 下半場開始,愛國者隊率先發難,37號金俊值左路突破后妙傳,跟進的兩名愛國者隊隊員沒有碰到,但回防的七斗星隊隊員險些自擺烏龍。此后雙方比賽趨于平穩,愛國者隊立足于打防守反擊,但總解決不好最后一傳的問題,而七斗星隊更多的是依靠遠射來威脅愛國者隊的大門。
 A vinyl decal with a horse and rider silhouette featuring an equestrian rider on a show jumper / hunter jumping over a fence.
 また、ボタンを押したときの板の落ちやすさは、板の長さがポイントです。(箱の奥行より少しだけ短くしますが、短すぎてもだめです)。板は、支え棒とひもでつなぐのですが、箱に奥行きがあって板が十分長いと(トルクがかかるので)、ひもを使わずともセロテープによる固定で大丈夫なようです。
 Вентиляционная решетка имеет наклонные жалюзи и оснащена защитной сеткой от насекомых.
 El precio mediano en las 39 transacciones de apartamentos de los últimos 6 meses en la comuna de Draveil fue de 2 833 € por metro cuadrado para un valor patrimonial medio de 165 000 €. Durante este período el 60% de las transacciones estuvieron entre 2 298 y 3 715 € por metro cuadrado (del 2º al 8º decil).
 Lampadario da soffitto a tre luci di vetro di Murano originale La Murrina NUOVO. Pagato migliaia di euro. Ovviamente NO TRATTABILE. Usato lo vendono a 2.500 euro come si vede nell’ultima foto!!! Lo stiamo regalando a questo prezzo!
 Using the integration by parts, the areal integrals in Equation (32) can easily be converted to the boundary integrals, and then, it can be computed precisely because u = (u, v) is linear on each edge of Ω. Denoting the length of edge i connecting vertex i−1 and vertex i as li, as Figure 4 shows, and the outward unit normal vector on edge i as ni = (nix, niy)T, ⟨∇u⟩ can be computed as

---

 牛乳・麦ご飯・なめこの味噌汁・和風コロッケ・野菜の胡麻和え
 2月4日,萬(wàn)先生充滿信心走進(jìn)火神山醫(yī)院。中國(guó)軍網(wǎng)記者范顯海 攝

PROBLEM REQUIREMENTS:
Write out, from the lines above, only those from the line with "Вентиляционная решетка имеет" to the line with "Lampadario da soffitto", exactly as given, including the first and the last.

SOLUTION FOR THIS EXERCISE:
 Вентиляционная решетка имеет наклонные жалюзи и оснащена защитной сеткой от насекомых.
 El precio mediano en las 39 transacciones de apartamentos de los últimos 6 meses en la comuna de Draveil fue de 2 833 € por metro cuadrado para un valor patrimonial medio de 165 000 €. Durante este período el 60% de las transacciones estuvieron entre 2 298 y 3 715 € por metro cuadrado (del 2º al 8º decil).
 Lampadario da soffitto a tre luci di vetro di Murano originale La Murrina NUOVO. Pagato migliaia di euro. Ovviamente NO TRATTABILE. Usato lo vendono a 2.500 euro come si vede nell’ultima foto!!! Lo stiamo regalando a questo prezzo!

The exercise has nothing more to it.